À la suite des vaccinations initiées par Edward Jenner et Louis Pasteur, deux notions avaient frappé les esprits au début du xxe siècle. La première est la notion de spécificité prophylactique : le vaccin contre la variole protège de la variole, le vaccin contre la rage protège de la rage, etc. La seconde est celle de l'apprentissage ou de la mémoire : pour reconnaître les microbes et les détruire, le système immunitaire doit avoir appris et mémorisé ce qu'ils sont. L'interprétation de ces phénomènes s'inspirait d'analogies militaires : l'ennemi a nécessairement un uniforme spécifique qu'il faut apprendre à reconnaître avant de le combattre. De la même façon, l'agent infectieux a nécessairement une structure spécifique qui permet de reconnaître son caractère étranger et de l'attaquer. Une telle capacité de reconnaissance fut attribuée à la capacité de fixation spécifique des molécules défensives : les anticorps. Ainsi, un anticorps antitétanique se fixe sur – autrement dit « reconnaît » – la toxine tétanique. Cet anticorps ne se fixera pas, ou plus exactement se fixera beaucoup moins bien, sur la toxine diphtérique. Reste à résoudre la question de l'apprentissage, c'est-à-dire de la fabrication des anticorps par l'organisme.

Naissance des anticorps

Selon la théorie de la sélection naturelle de la formation des anticorps, proposée par Niels Jerne en 1955, les anticorps préexistaient à l'inoculation de la substance étrangère, appelée antigène. Mais, en l'absence d'antigène, ils étaient présents en faible quantité. L'antigène induirait non pas la formation des anticorps, mais seulement l'augmentation de la quantité des anticorps les plus efficaces. À l'époque, ce modèle fut vivement critiqué. En effet, il supposait l'existence préalable dans l'organisme de tous les anticorps possibles. En 1957, Frank MacFarlane Burnet et David Talmage proposèrent une modification de la théorie de Jerne, qui comprend deux étapes. La première étape (génération de diversité) consiste en un mélange aléatoire des gènes qui permettent la synthèse des anticorps. De cette façon, le génome n'a pas à contenir l'ensemble des anticorps. Il contient un nombre limité d'éléments de base qui, en s'associant au hasard selon toutes les combinaisons possibles, génèrent un nombre très élevé d'anticorps. La seconde étape (sélection) consiste en une multiplication préférentielle de certaines cellules, celles qui portent les anticorps, qui se fixent avec l'affinité la plus élevée à l'antigène considéré. Cette multiplication augmente la quantité d'anticorps spécifiques produits, ce qui explique leur efficacité et notre capacité à les détecter. Initialement établi pour les anticorps et les lymphocytes B, ce modèle a pu être étendu aux autres lymphocytes (cellules T) selon le même principe. Mais il engendre une question difficile : comment le système immunitaire est-il capable de distinguer les substances appartenant à l'organisme (définissant le « soi ») afin de les épargner des substances provenant de l'extérieur (greffes, micro-organismes, etc., définissant le « non-soi ») afin de les attaquer ? En effet, si les anticorps sont générés au hasard, certains d'entre eux doivent se fixer sur les composants de l'organisme et déclencher ce qu'on appelle une maladie auto-immune.

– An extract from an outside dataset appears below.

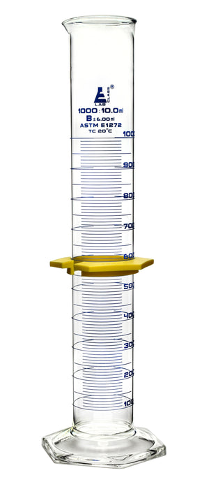 Here is the corrected text: This measuring cylinder has a capacity of 1000ml and is made from high-quality, heavy-duty Borosilicate 3.3 glass. It features a spout for easy pouring and a hexagonal base for extra stability. With a Class B tolerance of ±6.00ml as per ISO/ASTM standards, it is fitted with a plastic, hexagonal protective collar. The cylinder stands 18 inches tall, with a base measuring 5 inches wide. The inner diameter of the cylinder body measures 2.5 inches, and the outer diameter measures 2.8 inches. Autoclavable and offering superior chemical durability, this cylinder can withstand high temperatures and thermal shocks due to its low temperature gradient. Eisco Labs Borosilicate glass has the following heat tolerances: strain point of 515°C, annealing point of 565°C, and softening point of 820°C.

Pour résoudre ce point, il a été fait appel une seconde fois à la notion d'apprentissage : c'est la rencontre d'une substance au cours de la vie embryonnaire qui permet l'apprentissage du soi. Pendant la vie embryonnaire, on suppose que les infections sont absentes et que toutes les substances rencontrées appartiennent au soi. En conséquence, selon cette conception, le non-soi est tout ce[...]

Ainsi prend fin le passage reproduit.